The transaction would give Philip Morris roughly 58 per cent ownership of the new company, with Altria holding the rest, according to a person familiar with the terms who asked not to be identified because the details haven’t been made public.
They are considering a no-premium deal based on the companies’ closing share prices on August 23, according to the person. The companies would aim to close the deal within six months and expect to make no divestitures, the person said.
There’s been speculation that the companies might get back together. On Monday, Wells Fargo published a research note that said a deal could make sense now, in part because Altria has a stake in the vaping company Juul.
A reunification would combine two of the most popular smoking alternative products: IQOS and Juul. Philip Morris has been plowing billions of dollars in promoting IQOS, a heat-not-burn product used by millions consumers outside the US. Altria meanwhile has invested $US12.8 billion in e-cigarette upstart Juul, which has catapulted itself to the US industry leader in smoking alternatives in just a few years.
Altria also has been planning to start selling IQOS in the US this year, testing out demand in the Atlanta area with a store opening next month.
Philip Morris said in a statement that no agreement has been formally reached and any deal would be subject to board, shareholder and regulatory approval.

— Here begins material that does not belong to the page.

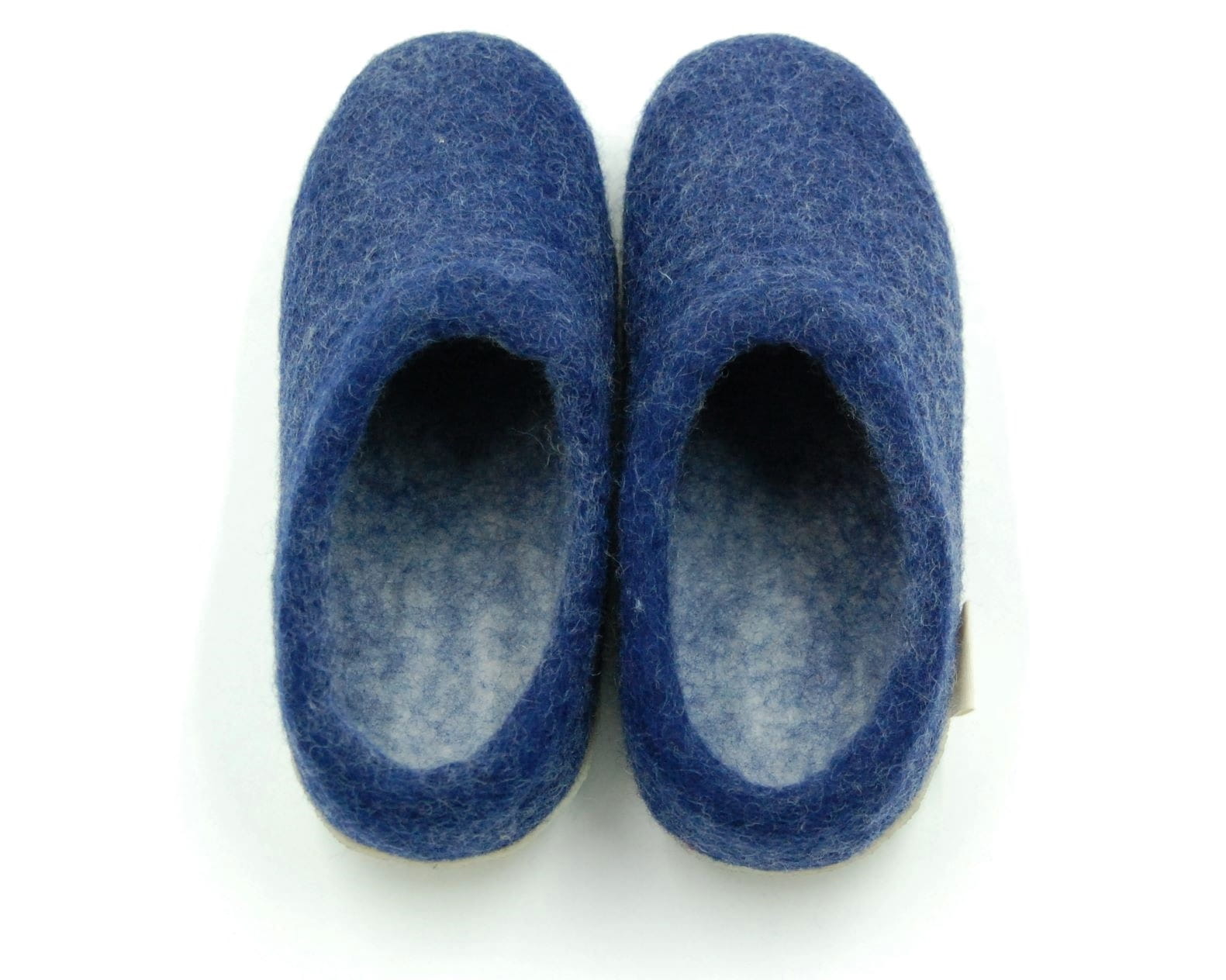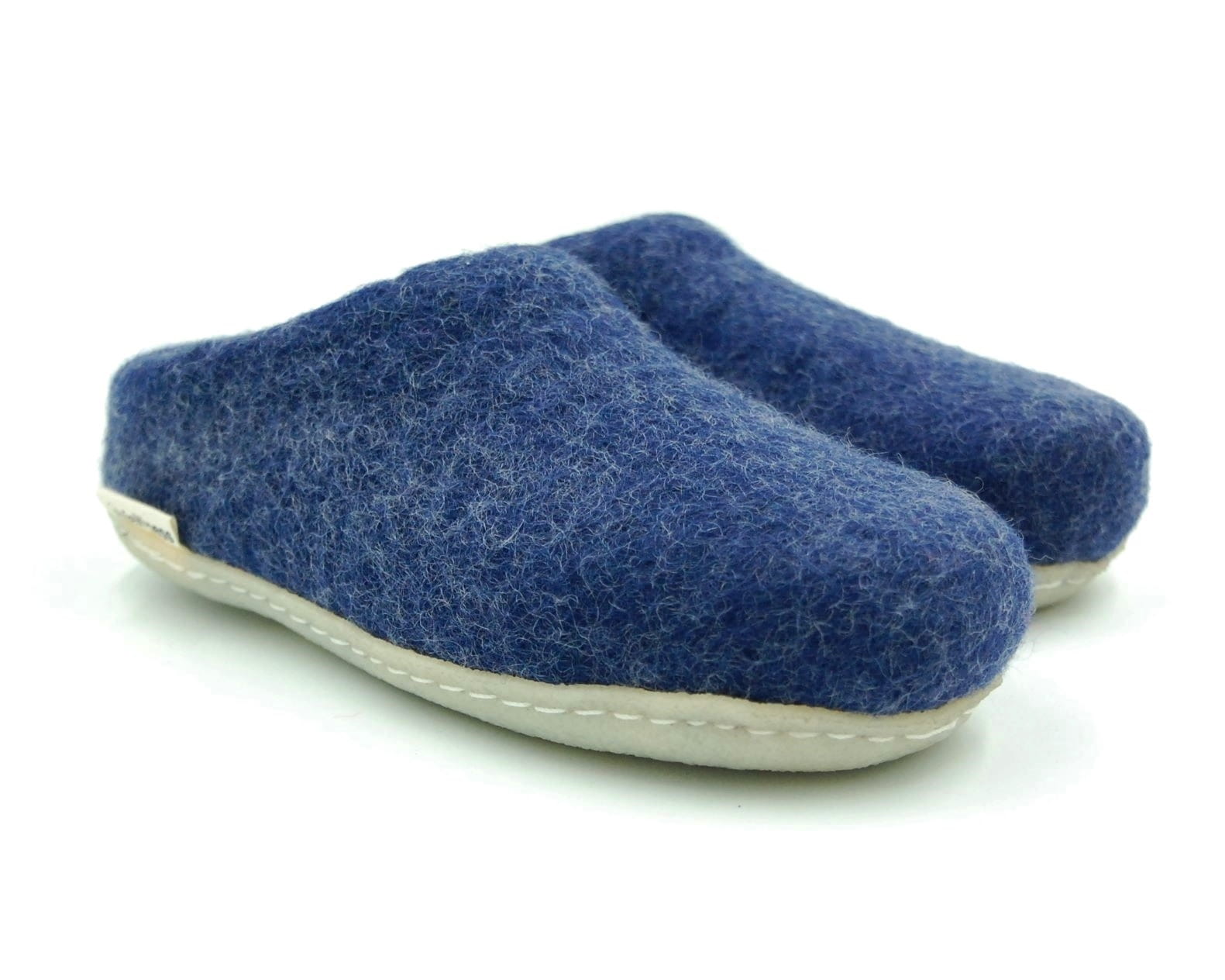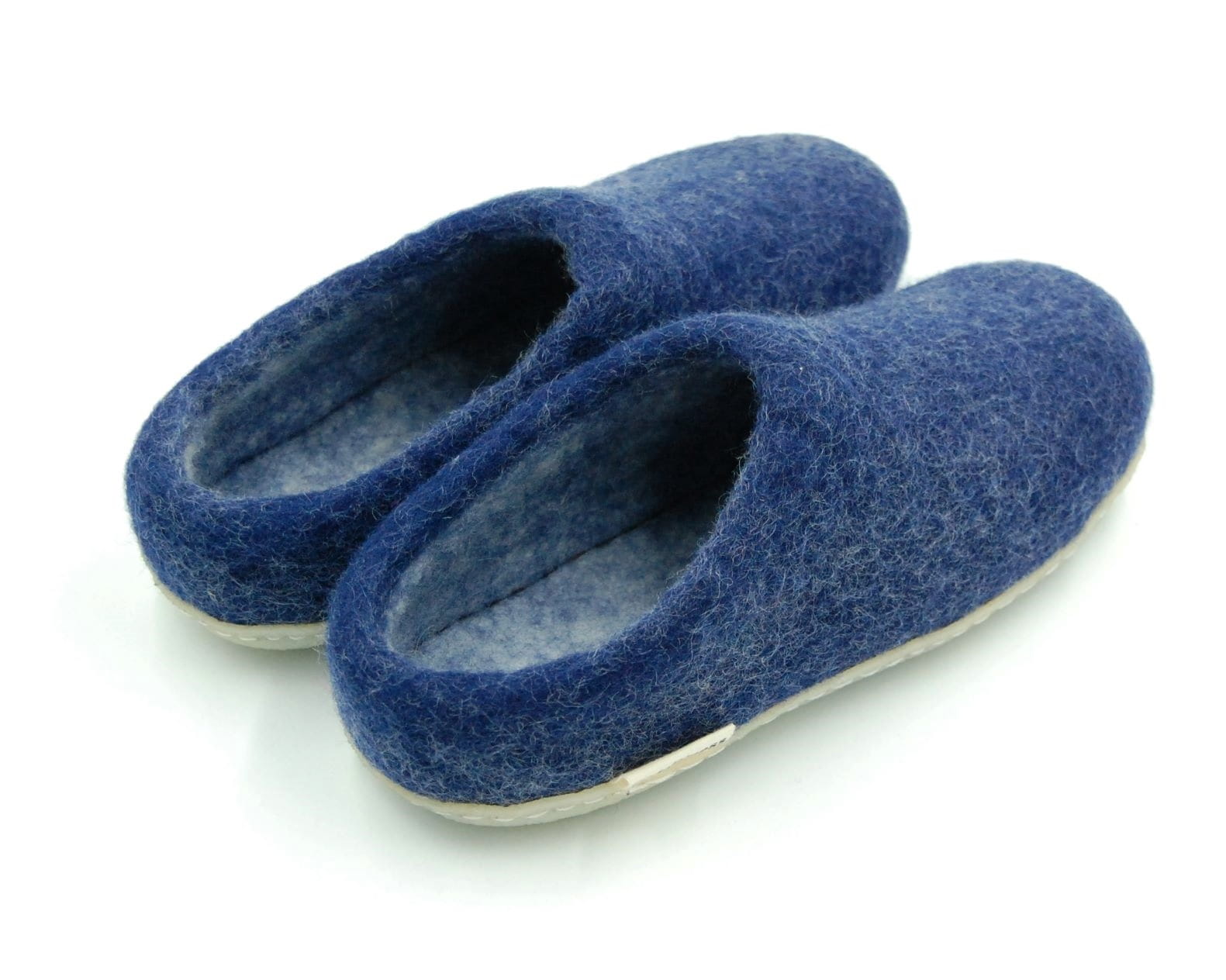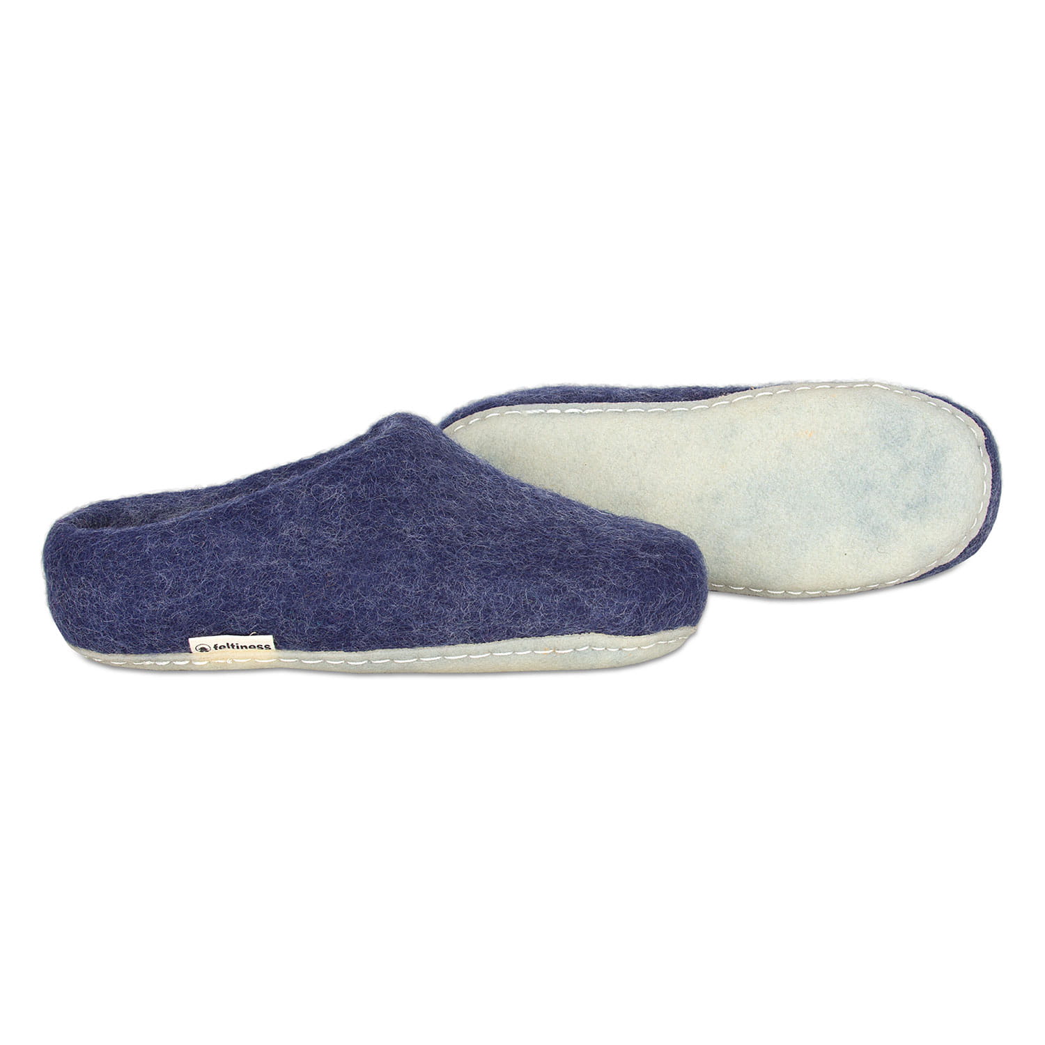 Paputy Granatowe z podeszwą kauczukową – kapcie wełniane

Altria also issued a statement confirming the talks.
Like Hollywood, which has been churning out films based on blockbusters of decades past, Wall Street bankers seem to be running out of new ideas. Earlier this month, CBS agreed to reunite with Viacom in an $US11.7 billion transaction, 13 years after the two media giants split.
Analysts were largely positive on a potential tie-up between Altria and Philip Morris after speculation Monday afternoon that something was brewing. RBC Capital Markets analyst Nik Modi saw several strategic reasons for a deal, including geographic alignment with international competitors and full economic benefit of IQOS in the US and global access for Juul.

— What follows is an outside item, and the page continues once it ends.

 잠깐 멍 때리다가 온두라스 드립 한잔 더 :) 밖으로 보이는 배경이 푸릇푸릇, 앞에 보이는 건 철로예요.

“The potential to reunite the companies has been often discussed, but we did not believe this would occur given the heavy regulatory burden in the US market and its weakening growth profile,” Stifel analyst Chris Growe said in a note. “Perhaps the FDA’s approval of IQOS changed that thinking.”
The tie-up would face little antitrust risk because the companies’ brands don’t compete in the same markets, said Kenneth Shea, an analyst at Bloomberg Intelligence. That contrasts with the last major tobacco deal: Reynolds American’s 2015 takeover of Lorillard. The Federal Trade Commission, which reviews tobacco deals, required Reynolds to sell four brands to Imperial Tobacco Group to resolves antitrust concerns.
One area of likely scrutiny would be the combined company’s control of the vaping market, said Shea, given Altria’s 35 per cent stake in Juul and its agreement to sell IQOS in the US for Philip Morris.
“Depending on how regulators define the vapour market, there could be potential for perceived excessive control,” he said.